Much of it has already been discussed in these posts, the various systems that must be brought up to snuff and the layer of integration that ties them all together. That’s the fun stuff, at least in principle, and I’m actually looking forward to it… the Inner Geek rubbing hands together in metaphysical glee at presiding over a system architecture reminiscent of TNG-era Star Trek, enhancing my primitive humanoid sensorium whilst linking ships into a fleet across multiple communication modalities and providing the tools of a long-range voyage of discovery. What’s not to love about that?

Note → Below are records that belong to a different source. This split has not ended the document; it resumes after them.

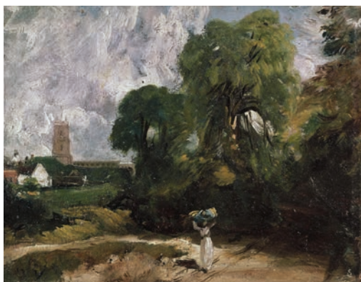
Fig.18 · John Constable, Stoke-by-Nayland, c.1830 Oil on paper · 9 3/4 x 13 inches · 248 x 330mm
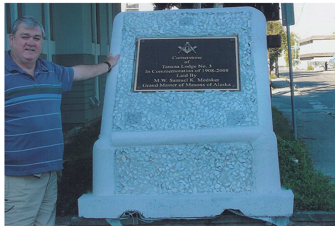
Fairbanks, Alaska (cornerstone)

Do you have a picture of a Masonic building in downtown Some-Place-Else? Send it in. Let everybody see.
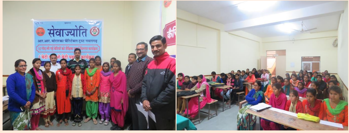
BETI BACHAO BETI PADHAO
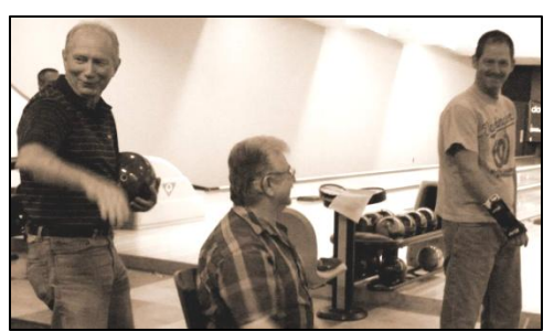
It's all smiles "before" the bowling starts.
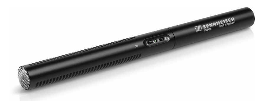
The MKE 600 shotgun microphone focuses on the action

It’s the missing team of white-jacketed engineers and technicians swarming over the vessel to make it all happen on a tight schedule, that’s what! I reminisce fondly on the BEHEMOTH era, the bikelab at Sun Microsystems a sort of skunkworks that attracted all sort of brilliant folk who took breaks from their real work to inject wizardry into something that became larger than any of us. (“Thanks for reminding me of why I became an engineer,” quoth one fellow, beating me to the gratitude punch.) Part of the reason this worked so well, I believe, is that bicycles are accessible, and the sheer lunacy of BEHEMOTH technology atop a pedal-powered frame tickled the fancy of every grown-up kid who once pedaled the neighborhood with visions of rocketing onward, unfettered, forever.

The Microship, years later, held much of that allure (after all, it was a canoe at its core, and had pedals), though moving from Silicon Valley to the remote woods of Camano Island didn’t help in the volunteer department. When that dragged on for too long with too little fun, it became a rather lonely enterprise, and the once-thriving network of technomads and exuberant fellow geeks moved on, grew up, settled down, kicked back, and put their attention elsewhere… constructively commenting on my postings, perhaps, but rarely pulling all-nighters to get me out of town.

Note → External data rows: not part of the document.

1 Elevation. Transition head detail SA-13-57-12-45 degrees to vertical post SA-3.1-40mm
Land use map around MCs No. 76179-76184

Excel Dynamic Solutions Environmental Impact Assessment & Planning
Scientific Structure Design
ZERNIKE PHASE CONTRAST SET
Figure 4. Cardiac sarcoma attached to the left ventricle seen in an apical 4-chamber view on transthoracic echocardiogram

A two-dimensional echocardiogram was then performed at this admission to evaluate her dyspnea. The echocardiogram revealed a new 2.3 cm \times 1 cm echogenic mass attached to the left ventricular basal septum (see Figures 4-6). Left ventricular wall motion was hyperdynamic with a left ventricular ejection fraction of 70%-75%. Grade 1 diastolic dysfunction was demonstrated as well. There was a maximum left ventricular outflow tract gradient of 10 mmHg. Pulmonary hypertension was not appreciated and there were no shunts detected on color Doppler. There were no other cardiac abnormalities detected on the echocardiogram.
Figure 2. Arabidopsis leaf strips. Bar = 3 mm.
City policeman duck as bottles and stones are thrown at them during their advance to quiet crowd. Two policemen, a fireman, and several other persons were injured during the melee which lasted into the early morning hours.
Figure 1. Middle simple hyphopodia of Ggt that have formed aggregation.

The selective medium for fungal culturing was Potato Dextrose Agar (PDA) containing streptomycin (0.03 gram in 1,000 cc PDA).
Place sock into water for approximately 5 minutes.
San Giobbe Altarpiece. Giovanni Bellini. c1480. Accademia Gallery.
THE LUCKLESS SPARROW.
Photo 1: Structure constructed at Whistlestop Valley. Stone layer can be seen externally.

Fast forward a decade. I’m still layering seductive gizmology atop mobile platforms, but it’s now on a very different scale. Here we were a few days ago, in Genoa Bay (Nomadness is the petite one):

Nomadness rafted with English Rose

That’s 56 tons of collective boat, one a delicious old ferro-cement ketch with an interior built for comfort, the other a steel pilothouse cutter that’s almost austere inside. The ketch is a gem, conventional wisdom about ferro aside, and her skipper has continually refined her with a sort of laid-back passion and an inspired thrifty funkiness that makes me embarrassed at how much I’ve spent on some of the blinky bits that still don’t work properly.

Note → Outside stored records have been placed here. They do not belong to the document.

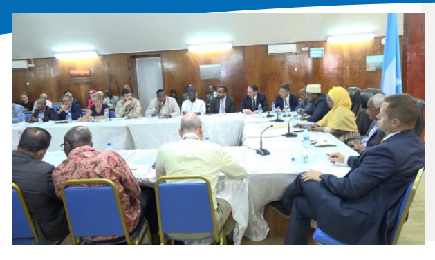
Emergency coordination meeting on covid-19 in Mogadishu.

Source http://fts.unocha.org, 27 March 2020
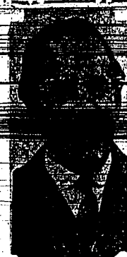
Portrait of a man, likely related to the 'Yankee' article.
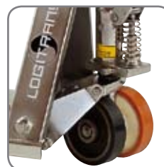
Different wheel types, to suit the needs of the user.
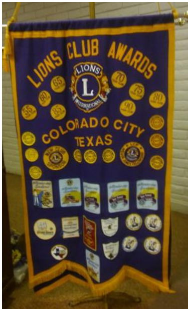
Colorado City Lions Club Banner 95 years young
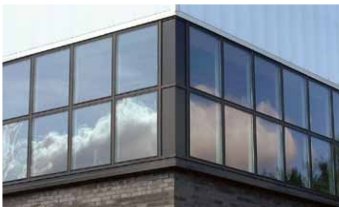
Curtain walling in a new building.
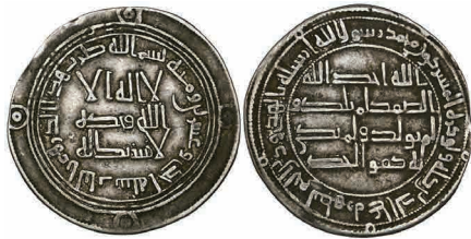
44 Umayyad , dirham, al-Bab 121h, 2.84g (Klat 148), very fine £150-200
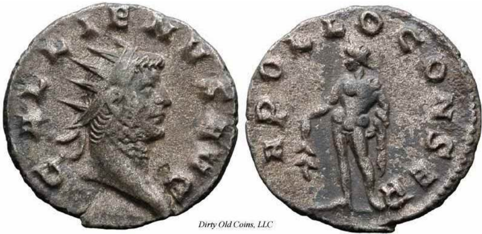
Fig. 4. RIC V-1 Gallienus 468

under Gallienus. The reign of this emperor is particularly noteworthy, more so if we bear in mind that the sole exception to Apollo conservator is none other than Apollo Palatinus . This could possibly relate to Augustus or the Ludi Apollinares ; in any event, the god is unquestionably linked to the sphere of imperial rule. This is nothing exceptional as the rest of the Roman pantheon were used in the same way: a remarkably emphatic use of the traditional language focused on the preservation and legitimation of the emperor. Apollo can thus be seen as a conservator under emperors Aemilian (253), Macrianus (261), Quietus (260–261), Valerian (253–260) and Gallienus (253–268).
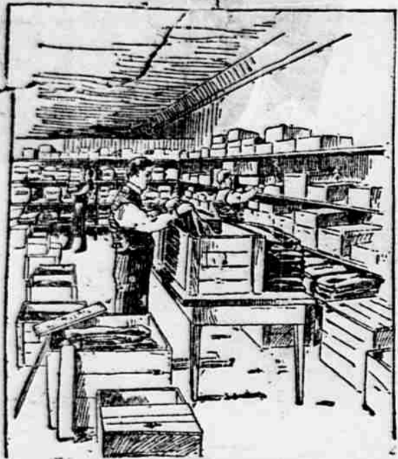
PUTTING UP GOODS FOR THE ARMY.

Admiral Sampson has again assured the Navy Department that the Spanish fleet is all in Santiago harbor. He leaves no doubt about the presence of all the ships. None escaped to account for the "spook" ships that have been sighted in different parts of the West Indies. The Spanish Government has sent out many false advices to the effect that only a part of the fleet is in Santiago harbor. Sampson denies these reports. He is now certain that he has the whole fleet securely caged and that it cannot escape. "Lieut. Blue has
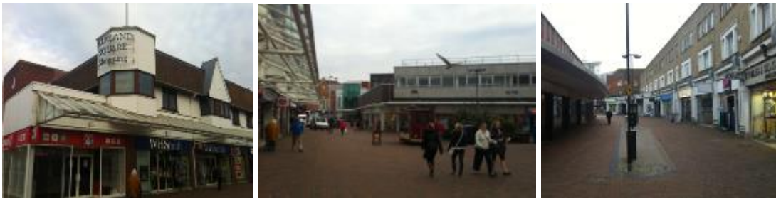
Figure 1.4, 1.5 Falkland Square, and 1.6 Kingsland Crescent
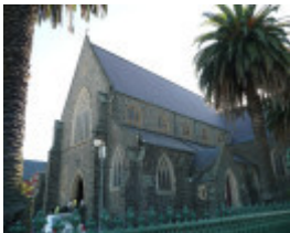
ST PATRICKS CATHEDRAL AND HALL SOHE 2008
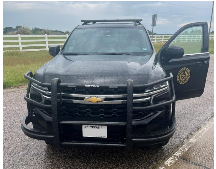
Asset #29440 (Terrell Station)
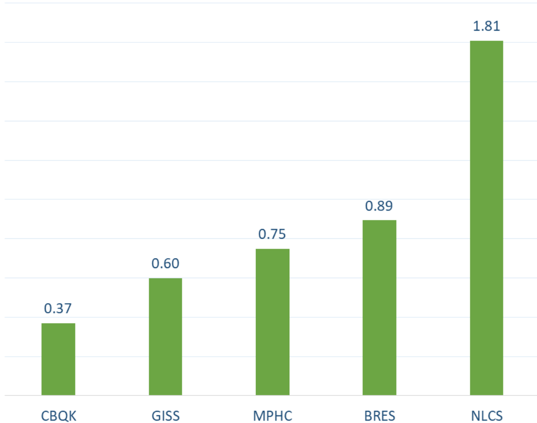
Top 5 Companies bought (net) by Foreigners in the last session

I juxtapose these in the context of the BEHEMOTH bicycle to make the point that pulling together a project on this scale is a completely different game. It will never fit in a sponsor’s trade-show booth, it won’t roll onto a stage for an hour of engineering yarns and puns about unixcycles, and few folks grew up with one in the back yard that they could hop on whenever struck by a restless urge. People who do love working on these things already have boat projects of their own (or charge lots of money for their time), and the logistics of a skunkworks-style project are complicated by the remoteness of marinas or the bandwidth-limiting nature of the dinghy.

And so, it’s likely to be a rather solitary venture, this upcoming winter of geekery. Sky is always eager to help and can wriggle into tight places like a contortionist, but I’m going to have to hold it all together.

That brings me to my favorite new tool, OmniFocus. I’ve always broken projects into Clearly Defined Tasks and made a science of project management, but in recent years the culture of Getting Things Done has elevated that to an art form and moved well beyond my own methods. I won’t attempt to summarize GTD here, but will admit to having tried three pieces of Mac software over the years that purport to implement the principles… but none of them felt like home. As such, I’ve continued with my quirky blend of notebooks and outline files, fully recognizing that the occasional fleeting sense of having things under control was very much an illusion.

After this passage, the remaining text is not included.